Exactly as written, reproduce the lines from the beginning of the data through the line containing "bold yellow flowers."; the pictures are not reproduced.

START Entries provided

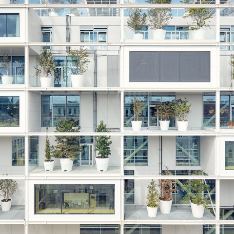 The building’s external shell recalls a set of shelves. This about 4.5-metre-deep, shelf-like zone runs around the building and provides shade. It allows spaces to expand, and provides room for terraces and greenery, as well as for servant elements like lifts, escapes stairs and building services.
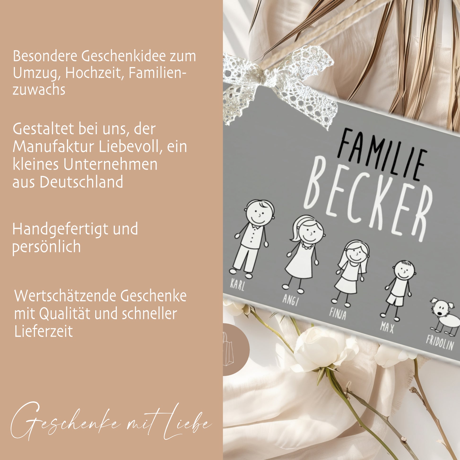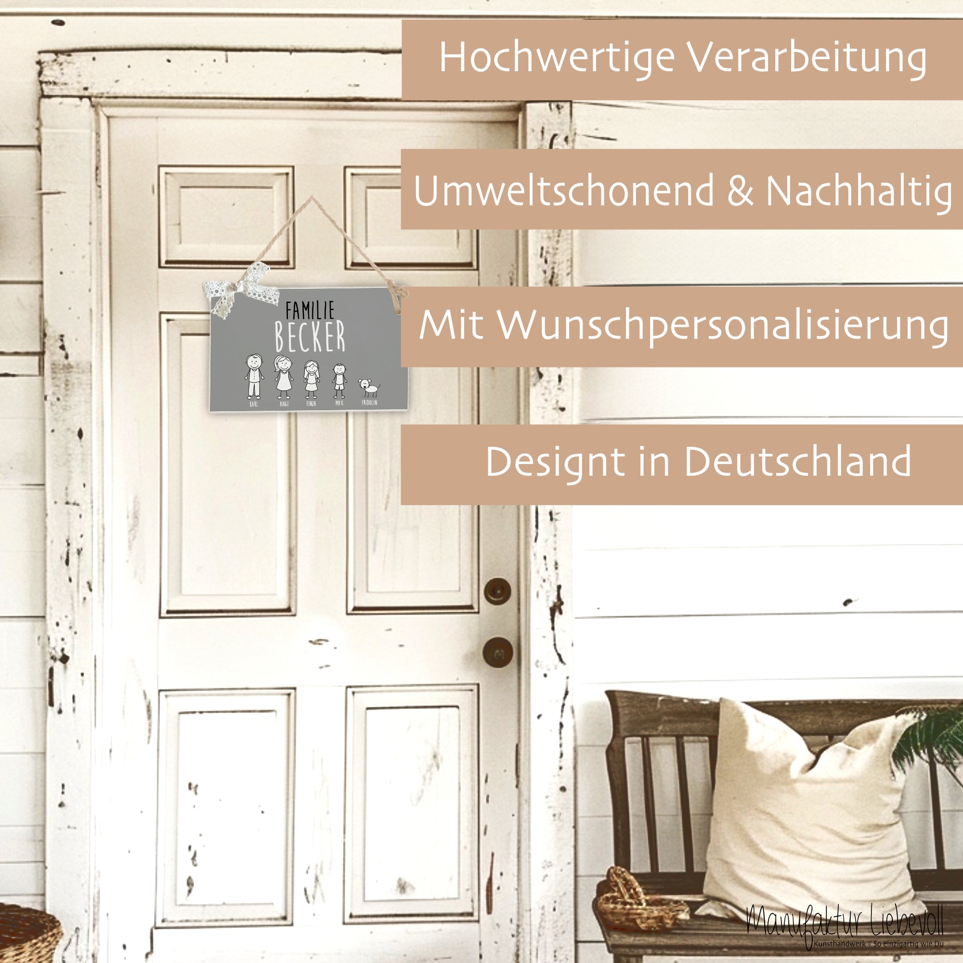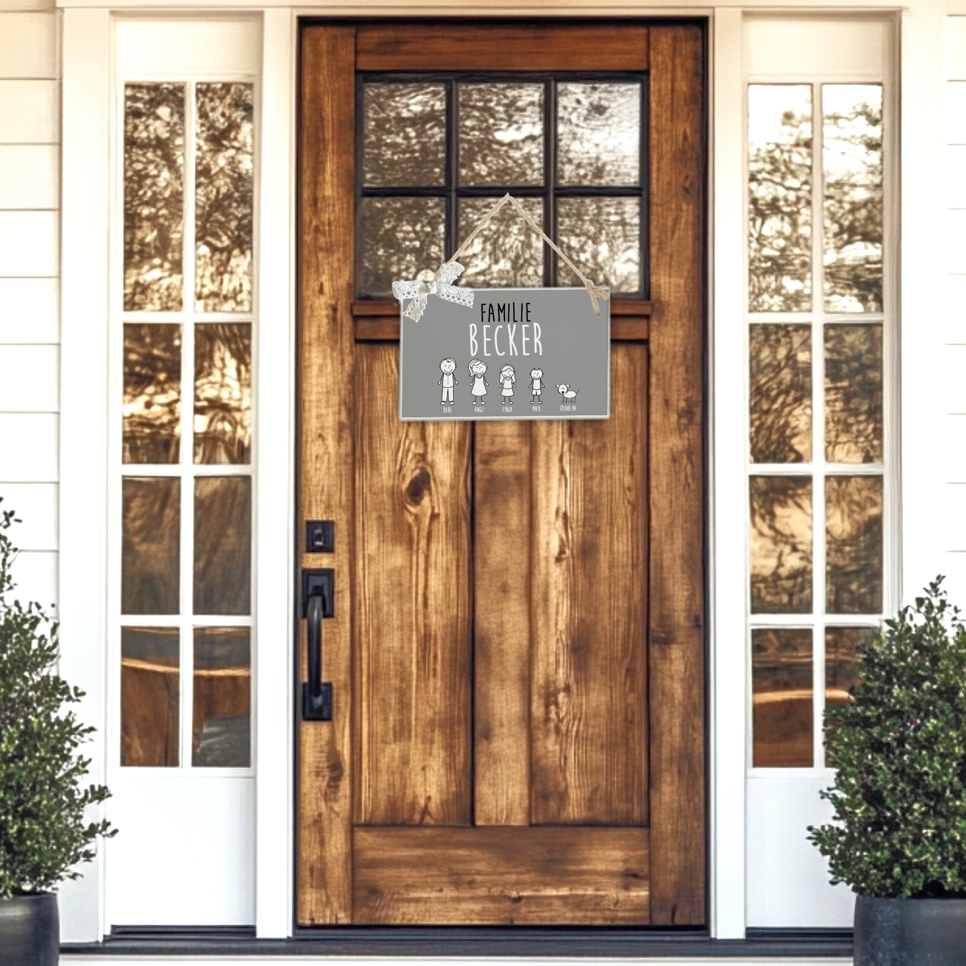 Jedes Türschild wird mit dem Wort „Familie“ angefertigt. Sollte dies nicht gewünscht sein, schreibe den Hinweis unbedingt mit in das Personalisierungsfeld (Bsp: Ohne das Wort Familie).
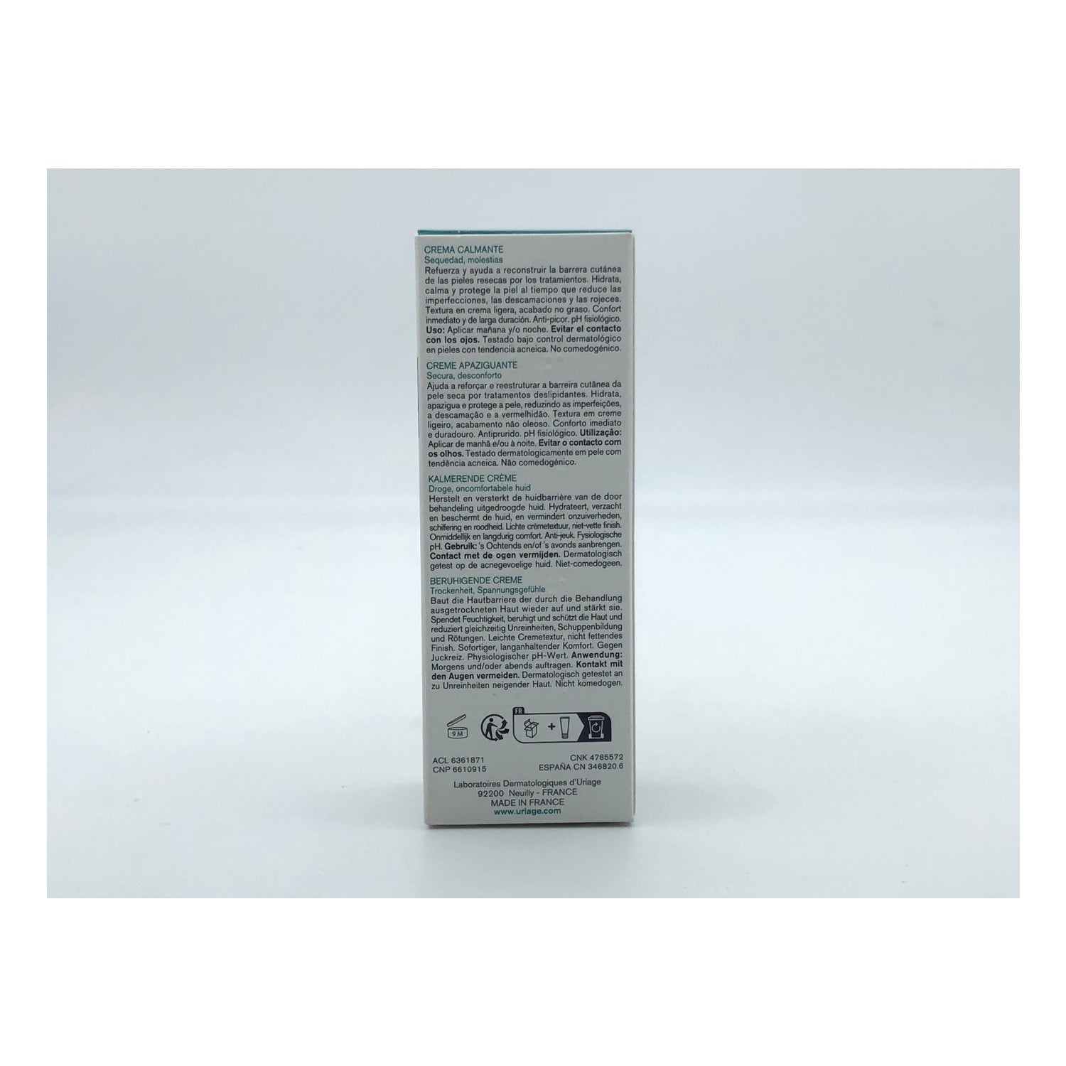 Opracowany na bazie opatentowanego TLR2 REGUL przez Uriage oraz z ekstraktem z figi barbarzyńskiej, który łagodzi skórę, Cerasterol-2F, który wspiera naprawę bariery skórnej oraz składników aktywnych, które utrzymują nawilżenie.
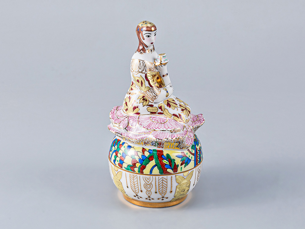 Декорирование выполнено ручным способом, надглазурными красками и з/с препаратом. На круглой коробочке сидит, подогнув ноги под себя, молодая женщина. Складки и воланы подола платья широко раскинуты округ ног. Правая рука согнута в локте, поддерживает под локоть левую руку, которая держит у груди чашку на блюдце. Голова чуть повёрнута вправо. Роспись верха коробочки имитирует орнамент восточного ковра.
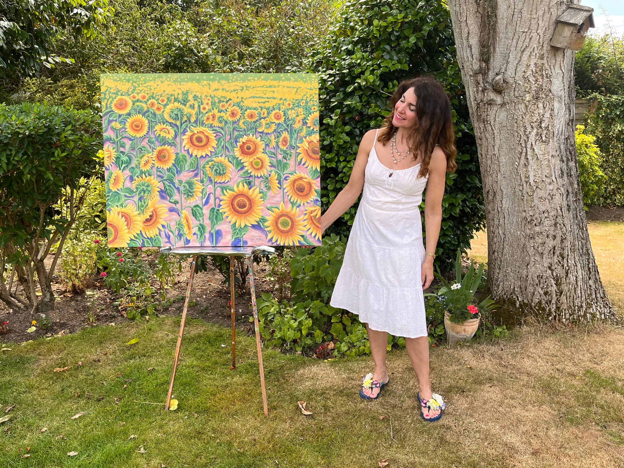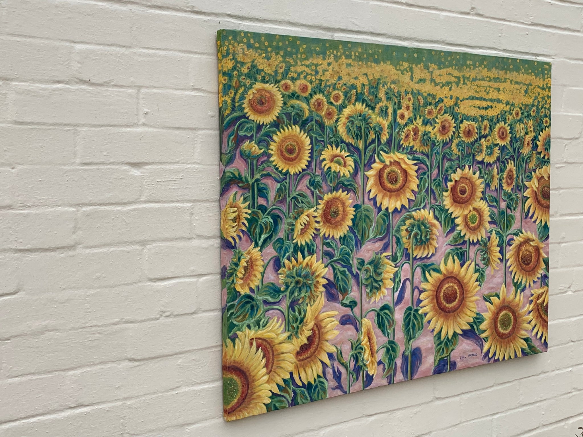‘Suffolk Sunflowers’ in Kirby, Suffolk. This scene was a ready-made subject presenting many possible compositions. I used oils and played with the perspective to emphasise the far-reaching vista of distant flowers versus those in the foreground . There is maximum impact with this large canvas, which is size 3’ x 4 ' making the viewer feel like they are among this field of bold yellow flowers.
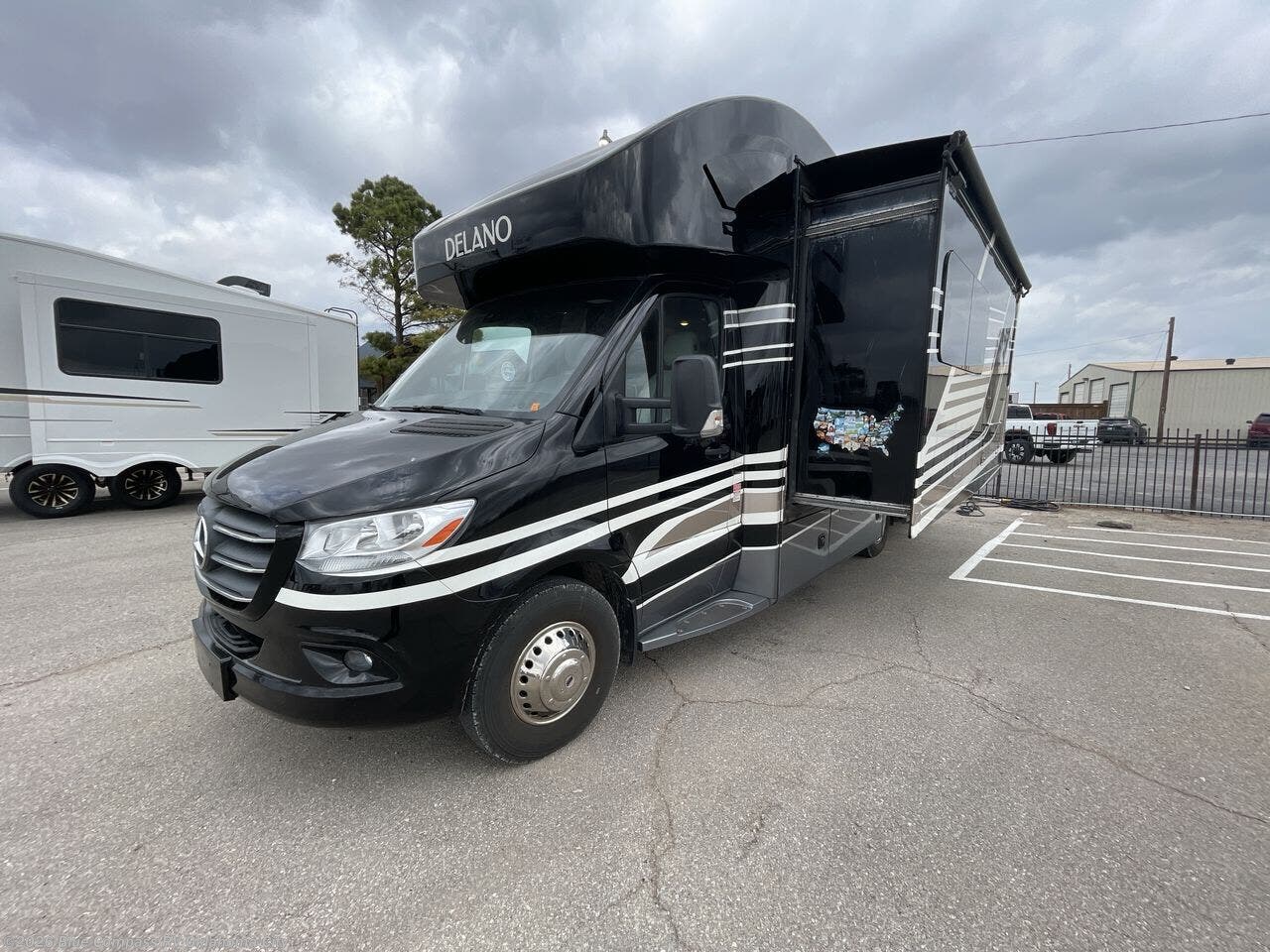 The 2021 Thor Motor Coach Delano 24FB is a 25'8" Class C diesel motorhome built on a Mercedes-Benz Sprinter 3500 chassis. It features a rear bathroom, Murphy bed/sofa combo, and a cab-over bunk, sleeping up to four. Key features include a 188-hp V6 diesel engine, Rapid Camp+ multiplex system, and full-body paint.

END Entries provided

Answer to this problem —
 The building’s external shell recalls a set of shelves. This about 4.5-metre-deep, shelf-like zone runs around the building and provides shade. It allows spaces to expand, and provides room for terraces and greenery, as well as for servant elements like lifts, escapes stairs and building services.
 Jedes Türschild wird mit dem Wort „Familie“ angefertigt. Sollte dies nicht gewünscht sein, schreibe den Hinweis unbedingt mit in das Personalisierungsfeld (Bsp: Ohne das Wort Familie).
 Opracowany na bazie opatentowanego TLR2 REGUL przez Uriage oraz z ekstraktem z figi barbarzyńskiej, który łagodzi skórę, Cerasterol-2F, który wspiera naprawę bariery skórnej oraz składników aktywnych, które utrzymują nawilżenie.
 Декорирование выполнено ручным способом, надглазурными красками и з/с препаратом. На круглой коробочке сидит, подогнув ноги под себя, молодая женщина. Складки и воланы подола платья широко раскинуты округ ног. Правая рука согнута в локте, поддерживает под локоть левую руку, которая держит у груди чашку на блюдце. Голова чуть повёрнута вправо. Роспись верха коробочки имитирует орнамент восточного ковра.
‘Suffolk Sunflowers’ in Kirby, Suffolk. This scene was a ready-made subject presenting many possible compositions. I used oils and played with the perspective to emphasise the far-reaching vista of distant flowers versus those in the foreground . There is maximum impact with this large canvas, which is size 3’ x 4 ' making the viewer feel like they are among this field of bold yellow flowers.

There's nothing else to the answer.